A las dos de la madrugada, hace ya horas que da vueltas en la cama, incapaz de dormir. Una tras otra, cuenta ovejas blancas que saltan una valla, aunque no ha visto nunca que alguna oveja salte vallas. Generalmente esta rutina consigue que el sueño llegue, pero hoy, de golpe, ve que una de las ovejas que saltan es negra y eso lo desconcentra. Prueba a contar ovejas negras. Muchas ovejas negras que saltan una valla. Pero, cuando casi está a punto de dormirse, aparece una oveja blanca en medio de las negras. De forma que decide pasar de ovejas. ¿Qué podría contar? ¿Cerdos que saltan una valla? ¿Señores que entran y salen por una puerta giratoria? ¿No hay otra solución que no sea contar algo? Cada vez está más desvelado. Harto, decide levantarse. Va al lavabo, orina, se lava las manos y la cara, bebe un trago de agua, coge el paquete de cigarrillos y sale al balcón a fumar uno.

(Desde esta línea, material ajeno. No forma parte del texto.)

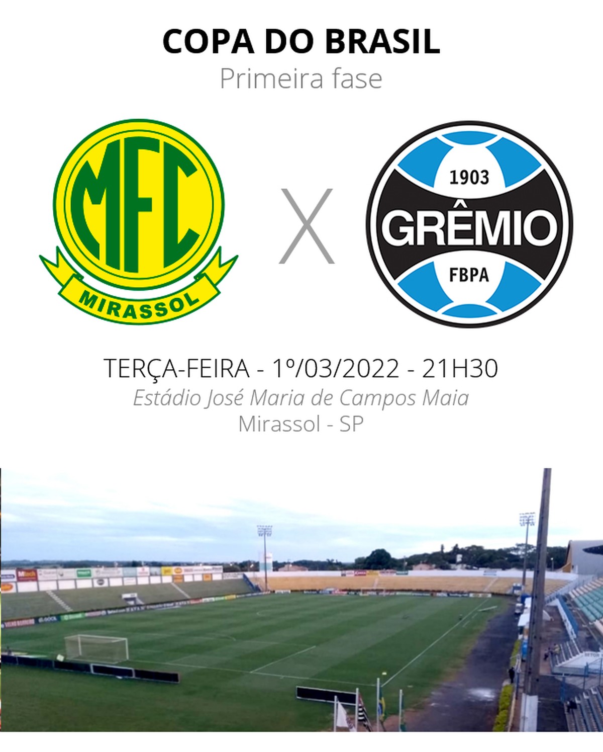 Mirassol x Grêmio pela Copa do Brasil 2022; Escalações e transmissão

En un balcón de la casa de delante, apoyada en la barandilla, hay una mujer que también fuma un pitillo. No la había visto nunca. Cuando los ojos se adaptan a la penumbra, distingue que es muy joven. Viste una corta capa roja que la cubre desde la cabeza y mira a uno y otro lado de la calle, a esas horas desierta. El hombre lanza al aire la colilla que, mientras cae, deja una estela de pequeñas chispas. Eso llama la atención de la mujer, que hasta ese momento no sabía que estaba siendo observada.
Abajo, un taxi gira la esquina y se detiene. Un hombre de pelo gris se apea, camina los pocos metros que lo separan del portal y entra al edificio de delante. En seguida la mujer de la capa roja sale del balcón y al momento regresa con el recién llegado. Al verlos juntos, un «déjà vu» de su infancia asalta al hombre del insomnio. La joven apaga el cigarrillo en una maceta; entonces se abrazan tiernamente y vuelven al interior, dejando el balcón abierto. Aunque la luz en el dormitorio es tenue, se puede atisbar lo que sucede. El hombre de pelo gris se quita la chaqueta y entrega algo que Caperucita guarda en la mesilla. Después, ella se acerca al balcón, mira de soslayo al vecino indiscreto, corre el visillo y regresa junto al lobo.
El hombre del insomnio sonríe y, de camino a la cama, echa un vistazo al reloj. En pocos minutos quedará dormido. Y es que no vale contar ovejas o cerdos. Para dormir bien, no hay nada como un buen cuento.